Curious, she made her way toward Knight Officer Massard's tent. What was it about the man that sent everyone sneering and smirking? Five paces from the tent, she found out. A loud, rumbling snore issued from the open flaps; a pool of drying vomit covered the dirt by the entrance.
Sara gingerly stepped over the mess and pushed open the flap. Fumes of vomit, unwashed body, and old ale filled her nostrils. Skull-splitter ale, she realized, holding her nose. If the man sprawled out on the cot had spent a night drinking that, it was no wonder he passed out. She curled her lip in disgust.
He's been like that for hours," said a young male voice behind her.
Sara backed carefully out of the tent and turned to meet the speaker. Her eyes widened and her breath caught in her throat. For one precious moment, she thought Steel had returned to her. Then her common sense returned and her eyes looked closer, and the image of Steel faded softly away.

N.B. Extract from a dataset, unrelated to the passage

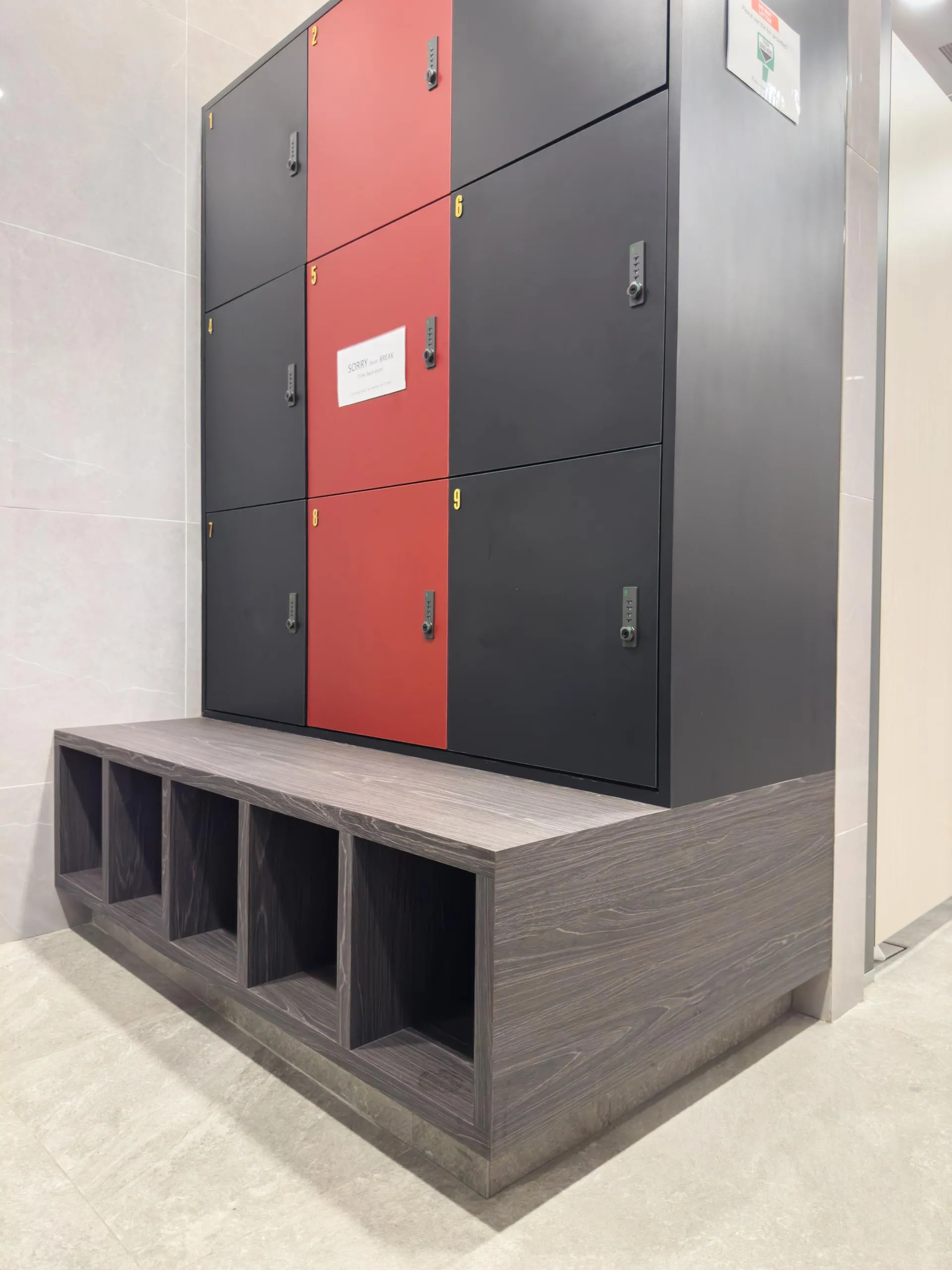 At Max Out Fitness, we’ve combined functionality with health-forward design through the use of E0 plywood, known for its low formaldehyde emissions. Our custom locker cabinets, vanity, and cashier counter not only offer durability but also contribute to a healthier indoor environment. The standout feature is the branded LED mirror, proudly displaying the gym’s slogan, reinforcing both the brand identity and a commitment to well-being. This project merges sustainable materials with sleek design, supporting a fitness space that values both performance and health.

The young man who stood on the path was as tall and dark-haired as Steel had been. His skin was tanned from years of work in the sun, and he grinned at her with a crooked smile so like Steel's it wrung her heart. But there the resemblance ended. As Sara stared at him, she noticed his eyes were green, like the grasslands on a spring day; his face was long and narrow set, with features slightly too large to be very handsome. Thick, dark eyebrows shaded his eyes, and a newly healed scar marred his left cheek. He wore the black tunic and pants trimmed with blue that seemed to be the latest uniform of the order, as well as a chain mail shirt and a light cloak. He had a good sword strapped to his waist.
He tilted his head at her silent appraisal and asked curiously, "Were you looking for him or just wondering what the racket was?"
"I am supposed to report to Knight Officer Massard," Sara said. "Is that… ?"
"The one and only, thank the gods. Commander of the Sixth Talon. All five of us."
Sara glanced around at the tents. "Five?" she echoed in surprise. A talon usually had nine.
The young man waved a hand at the tents around them. "Most of these are empty. Set up for future recruits, I guess."
Or to fool a spy looking down from the heights, Sara added mentally. She introduced herself.
"Derrick Yaufre," he returned. "No offense, but you must be one of the original knights."
Sara laughed. She liked this man's slightly irreverent and honest outlook. "None taken. And you're close. I joined more years ago than I care to remember."
"Good. We need some experience. Massard is an original, too. One of the survivors of the war. Now he spends most of his time drinking or sleeping it off. The rest of us are so new our armor still squeaks. Come on, I'll introduce you."